On the contrary, he argued: “If you wanted to add to the vast fund of ill-will existing in the world at this moment, you could hardly do it better than by a series of football matches between Jews and Arabs, Germans and Czechs, Indians and British, Russians and Poles, and Italians and Jugoslavs, each match to be watched by a mixed audience of 100,000 . . .”

Well, the Jews and Arabs will not be involved in the tournament that kicks off across Europe this weekend, nor will the Indians. But the rest of Orwell’s national identity parade will be represented, including the former “Jugoslavs” of Croatia and North Macedonia.

And yet, even if attendances were not restricted by a pandemic, this most elaborate European football championships yet would be unlikely to contribute much to international ill-will. If anything, the event should instead demonstrate how far the continent has come since 1945.

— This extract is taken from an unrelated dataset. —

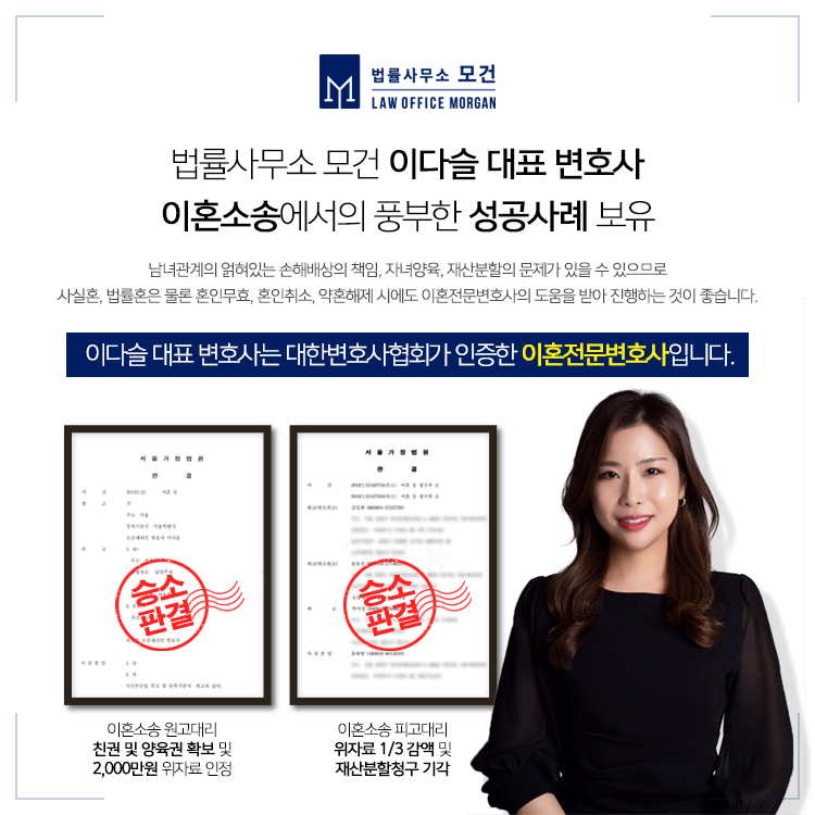 종로/동대문/용산 이혼전문변호사인 이다슬 대표 변호사는 이혼 및 위자료소송에 다수의 성공사례를 보유하고 있습니다. 이혼과 관련한 사항은 지극히 개인적인 사정과 이야기이기 때문에 가급적이면 변호사와의 1:1 방문상담을 권장해드립니다. 관련 상담이 필요하신 분들은 아래 전화 또는 카카오톡 등으로 문의하시기 바랍니다.
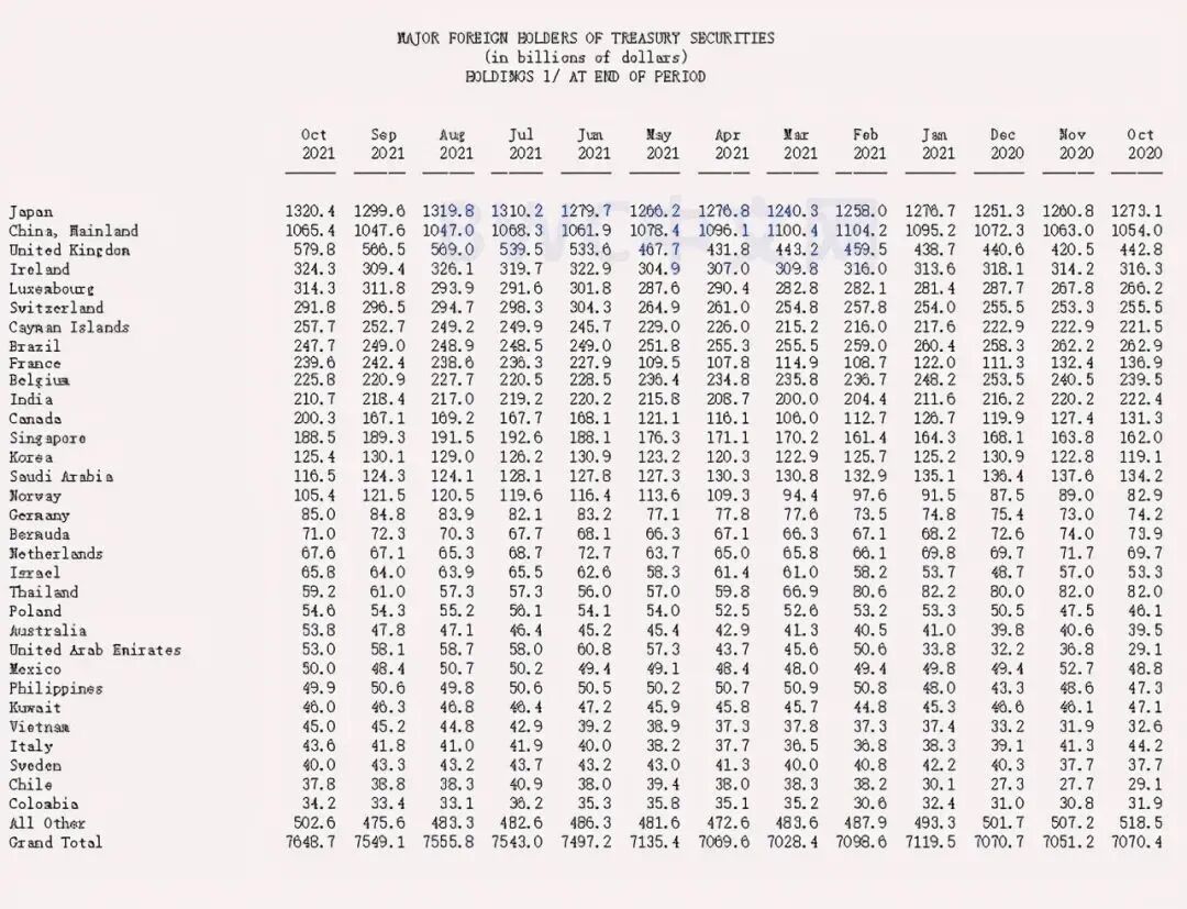 值得注意的是,美财政部的报告还显示,中国继2021年9月小幅增持6亿美债后,在10月份开始大幅度增持了178亿美债后,在11月再次大幅增持了154亿美债,结束了8月大幅减持213亿美元的状态,另外两次大幅减持美债为5月和6月,分别减持177亿和165亿美元(具体数据细节请参考下图)。

The past 76 years of relative peace, most of which Orwell didn’t live to see, was probably not the result of the ever-increasing number of cross-border football matches. The rise of a European Union, which he also foresaw, had more to do with that.

In an otherwise gloomy 1947 essay, Orwell suggested the world’s best hope was an exemplary emergence somewhere “on a large scale […] of a community where people are relatively free and happy and where the main motive in life is not the pursuit of money and power”. Only western Europe could pull this off, he thought.

How healthy the European project is now can be debated. But whatever its political problems, the imminent football festival is unlikely to increase them. On the contrary, having been a product of the continent’s mostly peaceful cooperation post-war, the tournament is now arguably its most perfect expression.

Even the hooliganism that, as recently as the 1990s, gave Orwell’s theories a new lease is now largely a thing of the past. As for violence on the pitch, that has reached an all-time low, declining in inverse proportion to the tendency of players to exaggerate it. Now, the tiniest fouls result in punishment, often after a lengthy consultation process that would warm the heart of an EU bureaucrat.

Orwell may have been indulging his underrated sense of humour in one of his 1945 arguments, when he wrote that the violence of football filled an emerging gap in urban life.

“In a rustic community a boy or a young man works off his surplus energy by […] various sports involving cruelty to animals, such as fishing, cock-fighting and ferreting for rats”. Joke or not, this is another area in which the future betrayed him. Cock-fighting and rat-baiting, certainly, are not the sporting powerhouses they once were, even in rural England.

But in one detail, at least, his essay has held up well. It wasn’t a prediction, more a recommendation. Arguing against a reciprocal tour of the Soviet Union, he said that if one were to happen, Britain should at least minimise the international tension by sending “a second-rate team which is sure to be beaten”.

This advice has been followed by English managers in every European Championships and all but one World Cup since and has greatly contributed to global goodwill. On the question of whether England can continue their exemplary record of incompetence in coming weeks, however, Orwell may not be alone in his pessimism.